### Data for this task
....................

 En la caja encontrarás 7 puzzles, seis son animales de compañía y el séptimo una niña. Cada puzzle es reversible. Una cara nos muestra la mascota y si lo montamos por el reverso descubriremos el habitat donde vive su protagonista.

....................

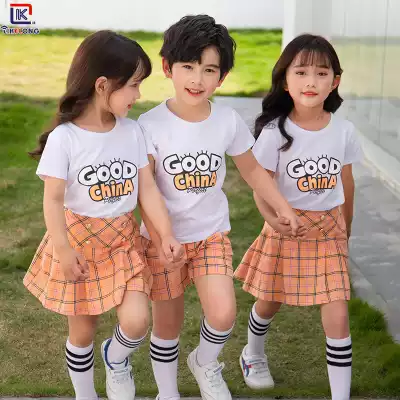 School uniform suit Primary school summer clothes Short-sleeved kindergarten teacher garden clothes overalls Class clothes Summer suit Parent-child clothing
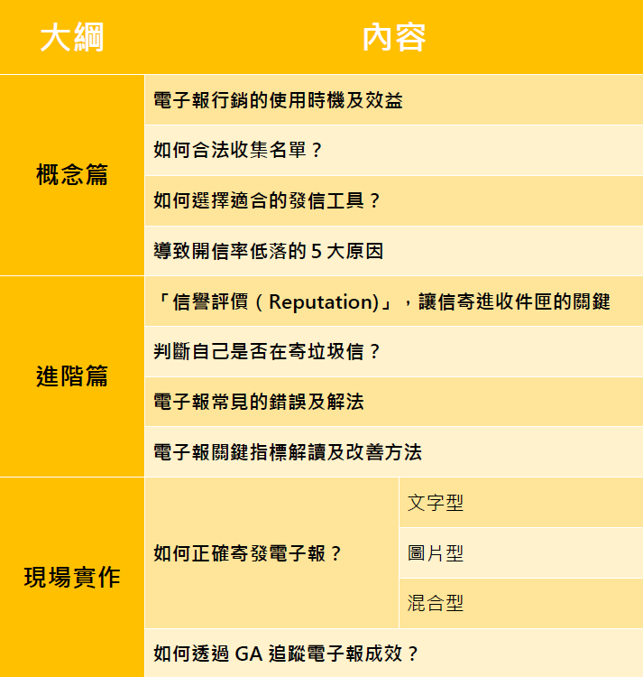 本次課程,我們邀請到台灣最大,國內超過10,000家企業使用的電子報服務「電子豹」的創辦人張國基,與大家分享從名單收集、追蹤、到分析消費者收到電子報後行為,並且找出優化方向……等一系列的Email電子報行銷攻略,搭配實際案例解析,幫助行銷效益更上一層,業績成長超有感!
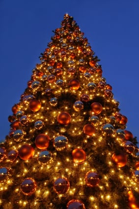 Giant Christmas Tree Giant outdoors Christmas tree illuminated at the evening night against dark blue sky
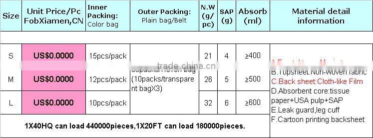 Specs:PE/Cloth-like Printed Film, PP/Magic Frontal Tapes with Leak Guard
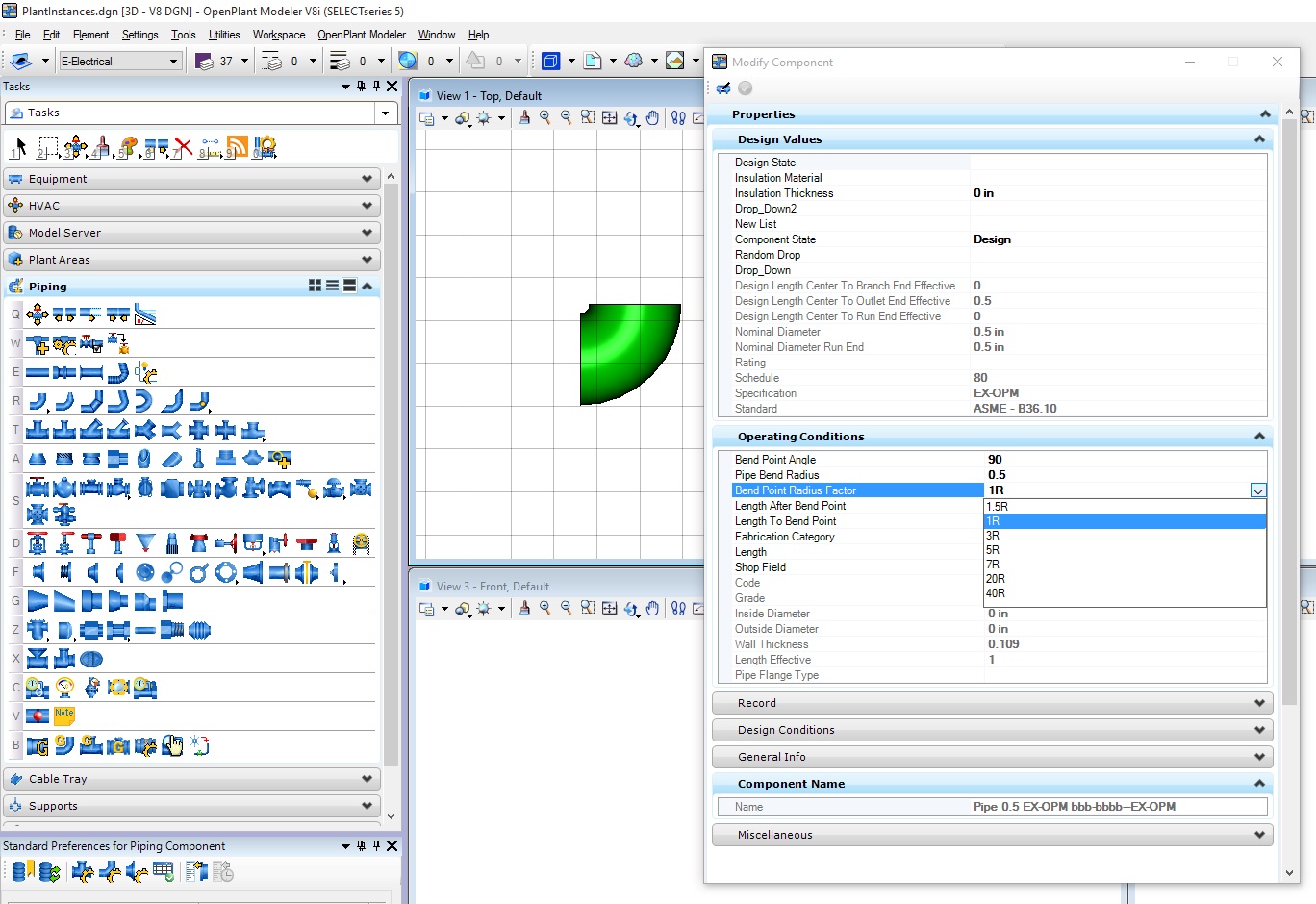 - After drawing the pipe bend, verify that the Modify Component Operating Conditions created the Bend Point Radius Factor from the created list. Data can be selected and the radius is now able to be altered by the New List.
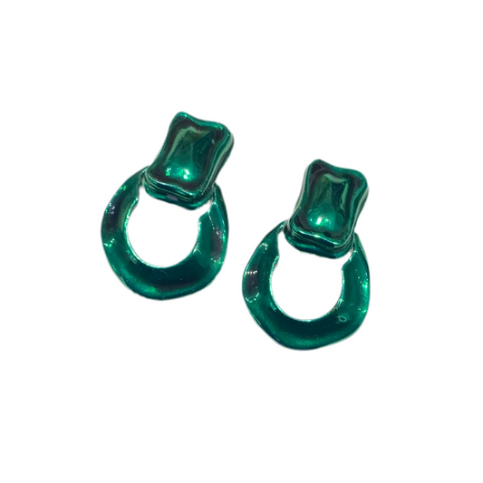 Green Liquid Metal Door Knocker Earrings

....................

### Activity
Reproduce the listing above exactly from the line containing "本次課程,我們邀請到台灣最大" up to and including the line containing "Green Liquid Metal Door Knocker Earrings", omitting any images and everything outside those lines.

### Response
 本次課程,我們邀請到台灣最大,國內超過10,000家企業使用的電子報服務「電子豹」的創辦人張國基,與大家分享從名單收集、追蹤、到分析消費者收到電子報後行為,並且找出優化方向……等一系列的Email電子報行銷攻略,搭配實際案例解析,幫助行銷效益更上一層,業績成長超有感!
 Giant Christmas Tree Giant outdoors Christmas tree illuminated at the evening night against dark blue sky
 Specs:PE/Cloth-like Printed Film, PP/Magic Frontal Tapes with Leak Guard
 - After drawing the pipe bend, verify that the Modify Component Operating Conditions created the Bend Point Radius Factor from the created list. Data can be selected and the radius is now able to be altered by the New List.
 Green Liquid Metal Door Knocker Earrings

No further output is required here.